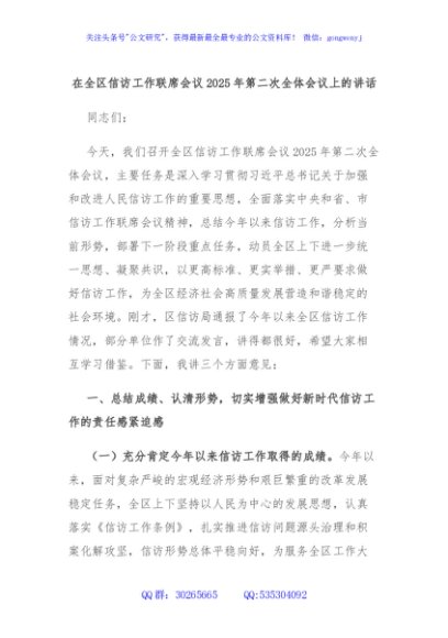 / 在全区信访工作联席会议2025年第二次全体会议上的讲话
**********
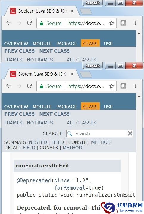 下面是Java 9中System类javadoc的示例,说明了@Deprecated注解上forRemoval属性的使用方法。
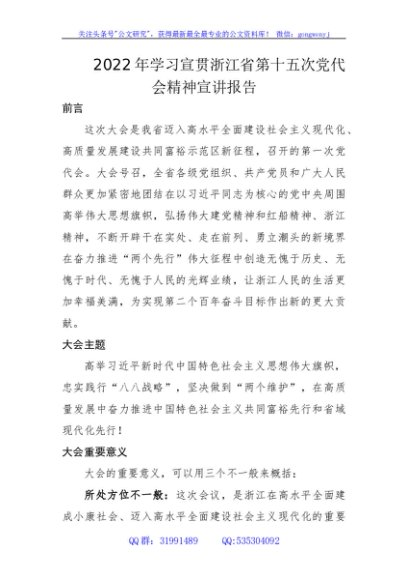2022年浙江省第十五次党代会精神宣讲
**********
Looking at the listing above, which lines run from the one containing "下面是Java 9中Syst" through the one containing "2022年浙江省第十五次党代会精神宣讲"? Print exactly those, ends included, pictures excluded.

EXERCISE RESPONSE
 下面是Java 9中System类javadoc的示例,说明了@Deprecated注解上forRemoval属性的使用方法。
2022年浙江省第十五次党代会精神宣讲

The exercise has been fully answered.